Мы указали, какие оговорки забота о строгости доктрины обязывает сделать в отношении предлагаемой Бергсоном общей интерпретации мистической жизни. В сущности, отмеченные недостатки его интерпретации показывают, прежде всего, что в этой сфере философия сама по себе недостаточна; поскольку, заботясь о чисто философском методе, она полагает, что не должна непосредственно затрагивать тайну благодати и тайну креста или, иными словами, считает себя не вправе объединяться с теологией в трактовке вопросов, связанных с мистицизмом, – постольку она не способна постичь в их подлинных истоках явления мистической жизни, даже если относится к ним с искренним почитанием. Но какой чистый философ изучал их более добросовестно, с более смиренной и благородной любовью, чем Анри Бергсон?
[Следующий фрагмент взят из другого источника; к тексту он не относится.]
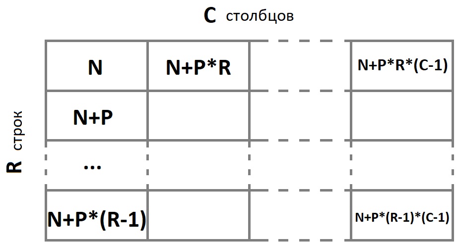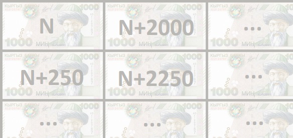 Но вернемся к третьему выпуску Киргизии. Итак, невооруженным взглядом видно, что изменения серии на листе не наблюдается, а уникальность обеспечивается некоторым математическим сдвигом в номере (кстати, аналогичная схема использовалась для того самого листа сторублевок серии сН). Итак, схема: каждая банкнота, расположенная ниже текущей, имеет номер на P больше, чем текущая. Тогда банкнота, расположенная правее текущей будет иметь номер P*R, где R - это количество банкнот на листе по строкам. К сожалению, не имея полного листа, невозможно как-то вычислить количество столбцов банкнот (обозначим это количество как C)... От чего зависит число P - не совсем понятно, так как оно различается в разных нарезках даже для одного номинала. По моим предположениям, P - это количество листов в партии, отправленной на нумерацию. Таким образом, после нумерации и разрезки всей партии получаются банкноты, пронумерованные от N до N+P*(R-1)*(C-1); машинке для нумерации (или ее оператору) остается лишь запомнить это число и использовать его когда придет на нумерацию следующая партия. В картинках прикреплю иллюстрацию к этой схеме.

Пора наконец сказать, сколь признательны мы ему за великолепные страницы, посвященные мистикам и обнаруживающие удивительно чуткое и щедрое внимание к реальностям, присутствие и воздействие которых он сам ощутил. Здесь он разбивает убогие схемы феноменалистической психологии; и, зная антимистические предубеждения, упомянутые мной в начале главы, понимаешь, как решительно защищает он мистиков, когда утверждает о крепком интеллектуальном здоровье этих душ, достигших жизни, в определенном смысле сверхчеловеческой. Обратимся к самим текстам; я приведу несколько страниц из «Двух источников».

«…Мы можем заключить, что ни в Греции, ни в Древней Индии не было полного мистицизма, либо потому что порыв там был недостаточен, либо потому что ему препятствовали материальные обстоятельства или слишком узкая интеллектуальность. Его появление в определенный момент позволяет нам ретроспективно присутствовать при его подготовке, подобно тому как внезапно возникший вулкан проясняет длинный ряд землетрясений в прошлом.

Полный мистицизм на самом деле – это мистицизм великих христианских мистиков…

Когда мы берем таким образом в ее конечной точке внутреннюю эволюцию великих мистиков, мы задаемся вопросом, как могли уподоблять их больным. Разумеется, мы живем в состоянии неустойчивого равновесия, и среднее здоровье духа, как, впрочем, и тела, – вещь трудноопределимая. Существует, однако, исключительное, прочно утвердившееся интеллектуальное здоровье, которое узнается без труда. Оно проявляется во вкусе к деятельности, в способности к адаптации и реадаптации, в твердости характера в сочетании с гибкостью, в пророческом умении отличать возможное от невозможного, в духе простоты, побеждающем всякого рода сложности, наконец, в превосходном здравом смысле. Разве не эти самые черты мы находим у мистиков, о которых идет речь? И не могут ли они быть полезными для самого определения крепкого интеллектуального здоровья?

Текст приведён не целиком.